Same-Day ACH Payments Move Closer to Reality
The world of ACH payments is about to face a seismic shift with the recent approval of Same Day ACH.
On May 19, the voting membership of the Electronic Payment Association approved new operating rules for NACHA that lay the foundation for same-day capability for virtually any ACH transaction – opening up tremendous opportunities for anyone who needs to move money faster.
How will same-day ACH payments work?
Under the new NACHA operating rules, same-day payments will be implemented in three phases to give financial institutions and businesses time to acclimate to the faster processing.
In Phase 1, which is proposed to begin September 23, 2016, only ACH credits will be processed same day. The focus will be on payroll, person-to-person payments and expedited bill payments. Two processing windows will spread the volume throughout the day and lessen the strain on resources at the end of the day.
Morning settlements will be submitted by 10:30 a.m. and settled by 1:00 p.m. Eastern Time, and afternoon settlements will be submitted by 3:00 p.m. and settled by 5:00 p.m. Eastern Time, with funds available at the end of the processing day for the Receiving Depository Financial Institution (RDFI).
Phase 2 is proposed to begin in September 15, 2017, when same-day ACH debits will be introduced. The focus here will be on consumer bill payments. The structure of the same-day debit payments will be the same as the credit payments in Phase 1: two processing windows at 10:30 a.m. and 3:00 p.m. Eastern Time and settlement taking place at 1:00 p.m. and 5:00 p.m.

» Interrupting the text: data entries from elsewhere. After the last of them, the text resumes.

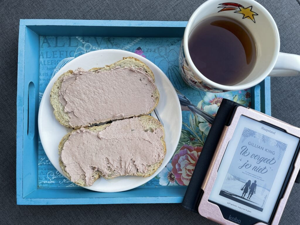 Dan begint het gewone leven weer en is voor ons de vakantie echt voorbij. Ik breng de kinderen naar de bso toe, wat best spannend is. De vakantiebso zit namelijk op een andere locatie dan normaal. Ik heb nog even tijd voordat ik mag gaan werken en ga lekker met mijn ontbijtje en een boek buiten zitten.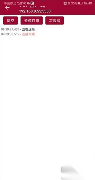 5、判断连接状况:若连接失败,无法接收数据,界面会弹出连接失败的提示信息。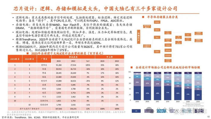 芯片设计:逻辑、存储和模拟是大头,中国大陆已有三千多家设计公司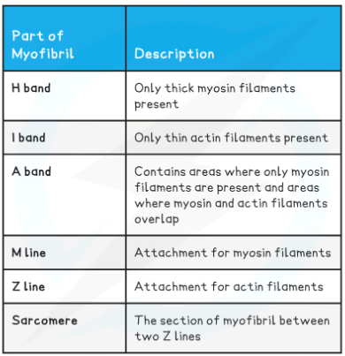 Myofibril Structure Table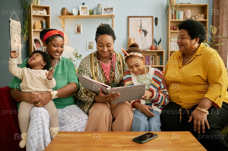 Члены семьи просматривают фотоальбом вместе дома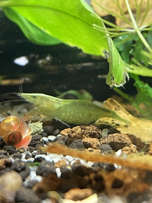 La crevette caridina cantonensis babaulti green est une crevette provenant du sri lanka. Je les ai depuis longtemps,ce vert magnifique ne viens pas de croisement ou de génétique,cette souche m’a été donné par un ami qui les avait acheté il y a + de 10ans en provenance (sauvage). Mes photos sont les miennes,je l’es maintient dans 2 aquariums et suivant le sol (neutre) elles deviennent plus ou moins foncées. Petite elles sont parfois marron ,même orangés puis passent au vert qui ressemble à du vert fluo ,même les œufs sont de cette couleur. À maintenir en spécifique même si elles ne peuvent pas se croiser avec d’autres Caridina ou neocaridina. Je les maintient sur sol neutre,eau mélange osmosé et eau du robinet,vous pouvez à l’eau du robinet. Par lot de 10=60€ Pas de négociation,ni échange.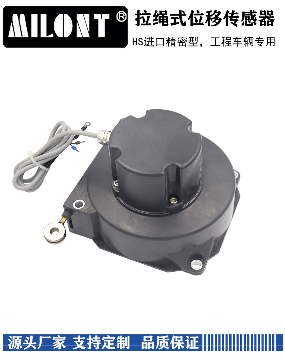 HS拉繩位移傳感器采用加粗拉繩(1.5mm與1.2mm),抗沖擊性能與耐磨性能較好,適用于吊車、水泥車、垃圾車等特種車輛位移測(cè)量與位置定位。

In Phase 3, proposed to begin March 16, 2018, will require RDFIs to provide funds availability at 5:00 p.m. local time for same day credit entries.

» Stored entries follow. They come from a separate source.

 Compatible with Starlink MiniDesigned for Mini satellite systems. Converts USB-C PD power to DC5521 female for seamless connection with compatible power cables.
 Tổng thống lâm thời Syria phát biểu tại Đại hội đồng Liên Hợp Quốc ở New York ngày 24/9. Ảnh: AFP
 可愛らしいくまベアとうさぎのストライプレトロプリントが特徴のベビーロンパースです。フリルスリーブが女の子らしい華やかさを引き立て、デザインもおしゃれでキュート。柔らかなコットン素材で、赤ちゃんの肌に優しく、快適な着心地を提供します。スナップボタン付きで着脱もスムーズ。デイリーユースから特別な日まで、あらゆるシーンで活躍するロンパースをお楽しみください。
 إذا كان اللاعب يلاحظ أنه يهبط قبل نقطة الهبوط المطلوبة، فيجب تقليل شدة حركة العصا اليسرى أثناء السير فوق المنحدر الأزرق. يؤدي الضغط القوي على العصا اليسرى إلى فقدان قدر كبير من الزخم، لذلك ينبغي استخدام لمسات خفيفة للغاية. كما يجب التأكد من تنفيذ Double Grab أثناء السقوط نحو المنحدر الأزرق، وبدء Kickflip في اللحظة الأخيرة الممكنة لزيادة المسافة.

Under the proposed system, virtually all ACH transactions will be eligible, excluding only international transactions and large dollar transactions over $25,000. Originating Depository Financial Institutions (ODFIs) will be able to develop same-day ACH products and services enabled by the new ACH network functionality, and NACHA estimates these institutions will be able to earn a positive margin as a result.

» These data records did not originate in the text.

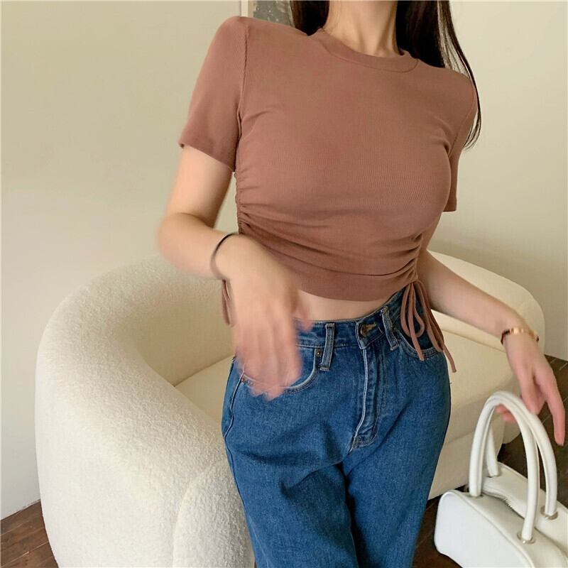クロップドトップス 薄手ラウンドネックギャザーショートTシャツ レディース Oネック Xiaofeijia18825870606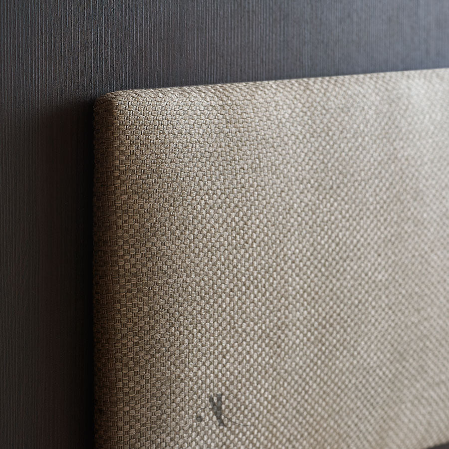 Elle intègre une bande centrale en MDF de 12 mm d’épaisseur, habillée de fibre polyester et tissu déco, ajoutant une touche textile élégante et personnalisable.
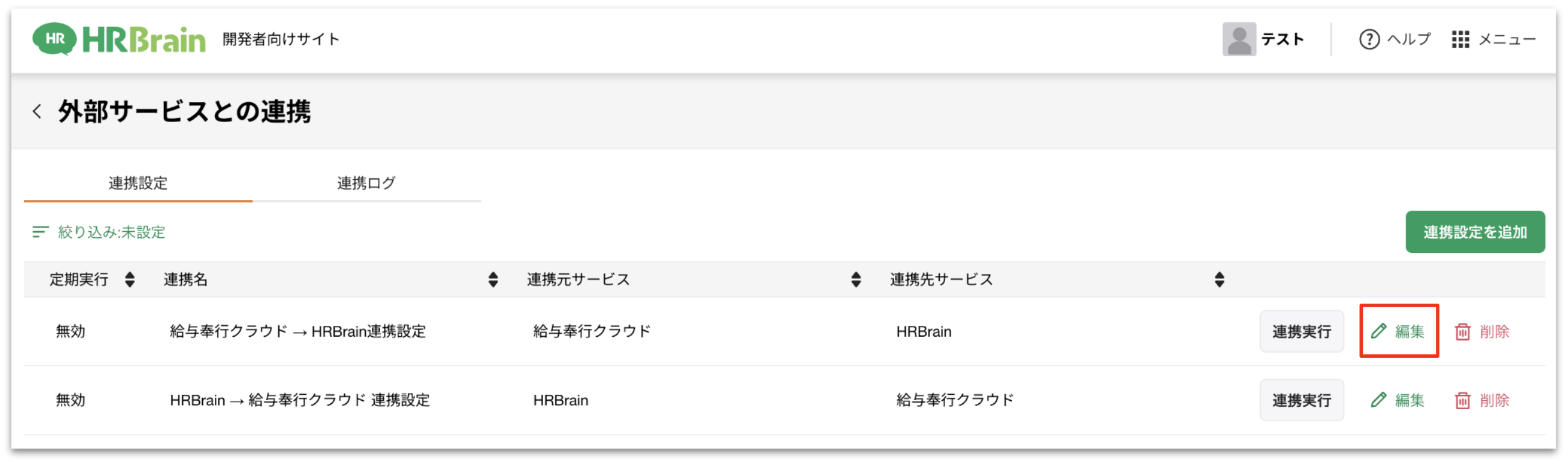 保存された設定は[開発者向けサイト] > [外部サービスとの連携] > [連携設定]に一覧表示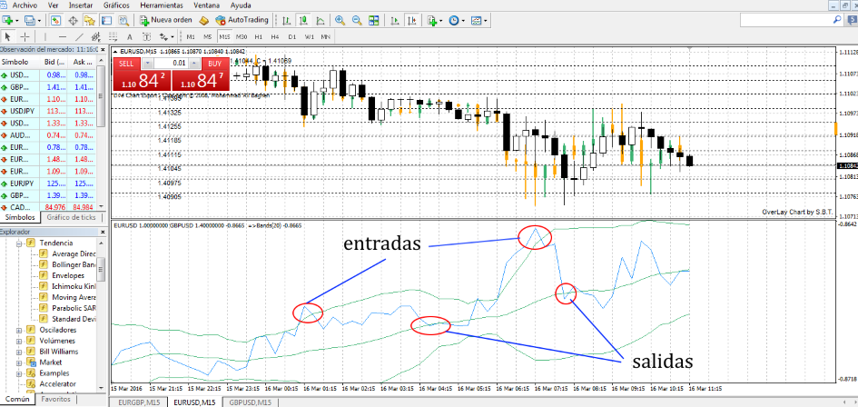 Spread sintético en la ventana principal o...Hola a todos,¿se podría poner un spread sintético en la ventana principal,con todas sus funciones?Me explico crear un spread sintético(eje EURUSD/GBPUSD) la entrada sería manual,pero la salida y el stop me gustaría dejarlo puesto...pero no se como porque si un par se mueve más que otro,no puedo.Pongo lo de ventana principal,pero me vale la misma del indicador,la operación sería,entro en la parte de arriba de la banda de bollinguer y salgo en la media.Gracias por vuestro tiempo,pongo un gráfico,porque es lioso de explicar ,pero fácil de ver.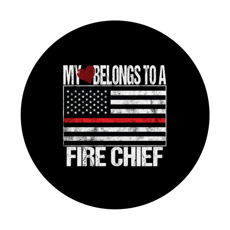 Red Line Flag - My Heart Belongs to a Fire Chief Fireman PopSockets Grip and Stand for Phones and Tablets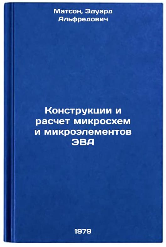 In Russian. Matson, Eduard Alfredovich. Design and Calculation of EVA Chips and Microelements. Minsk: The Higher School, 1979 Konstruktsii i raschet mikroskhem i mikroelementov EVA/Design and Calculation of EVA Chips and Micronutrients In Russian. All images are for identification of editions only. Several books of the same edition may be available. Please feel free to request photos of available books. SKU7659681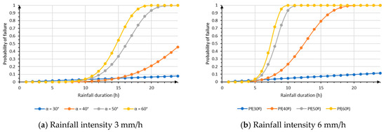 Subsequently, the probability of slope failure was estimated based on the duration and intensity of the rainfall events. This estimation utilized the precipitation data derived from the maps presented in Figure 3 and the cut-slope location detailed in Figure 2. The curves plotted in Figure 4, adopted from Jiménez-Ramos et al., [24], were used to estimate the probability of failure in the cut-slopes of the study area. These curves are parameterized only by slope inclinations α ranging from 30° to 60°, which implicitly considers the predominant soil type of the slope. The development of these curves inherently includes the variability of soil strength parameters through probabilistic analysis as indicated in Jiménez-Ramos et al. [24]. Their analysis used the probability distributions of soil parameters proposed by Sivakumar Babu and Muthi [56] including a wide range of potential soil behaviors.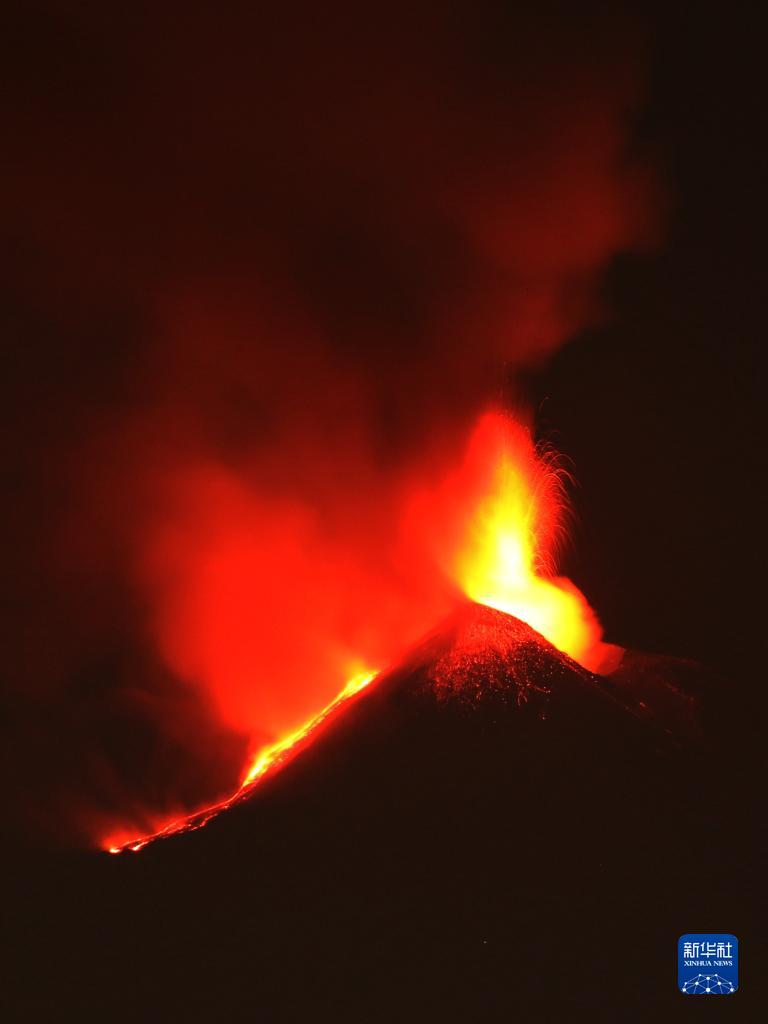 這是8月14日在意大利西西里島卡塔尼亞拍攝的正在噴發(fā)的埃特納火山。

What will be the impact of same-day ACH payments?
NACHA is confident that quicker processing will benefit nearly everyone involved. With faster fund availability, game-changers such as same-day bill payments will create more options for consumers and businesses alike.
Merchant acceptance of same-day ACH transactions on e-commerce payments could mean earlier shipping of goods, and same-day ACH collection of checks may decrease the merchant’s risk of Non-sufficient funds (NSF) returns. Similarly, consumers who return goods will have quicker access to returned funds. Same-day payroll – particularly for off-cycle payments such as bonuses, advances or errors – would give employees access to their funds almost immediately.
What might hold back same-day ACH payments?
Certainly, for any payment solution to work, the solution must be ubiquitous. Smaller banks or credit unions might not have the technical capacity or resource bandwidth to be able to post their payments that quickly. Indeed, a similar NACHA initiative for same-day payments was voted down in 2012; one of the key arguments against the initiative was that NACHA had not provided enough business rationale to support the required investments.
This time around, though, NACHA has done several things differently. They’ve clarified ten distinct major business cases in support of same-day payments. The initiative provides more functionality for ODFIs to earn a positive return on the investment. And with nearly all ACH payments eligible for same-day processing, the solution would de facto become ubiquitous.
One key concern is how NACHA’s new rules fit with changes being considered in the Federal Reserve.
The Fed has also expressed interest in “faster payments,” but they are still sorting out what “faster payments” will actually look like. Their current plan is to convene a taskforce of banks, merchants and acquirers to research and identify potential approaches, with findings to be presented by the end of 2016 and presumably implemented in 2017 or later. Interestingly, the Fed seems to be focused not on all payments, as NACHA is, but primarily on business-to-person, person-to-person, person-to-business, and business-to-business.
Clearly, though, the industry is boldly moving forward to modernize the payment system and create a platform for the creation of new products and services. It’s an exciting time for moving money!
Jeff Thorness is CEO of Forte, a technology company that provides innovative electronic payment solutions for banks, financial institutions and merchants of all sizes.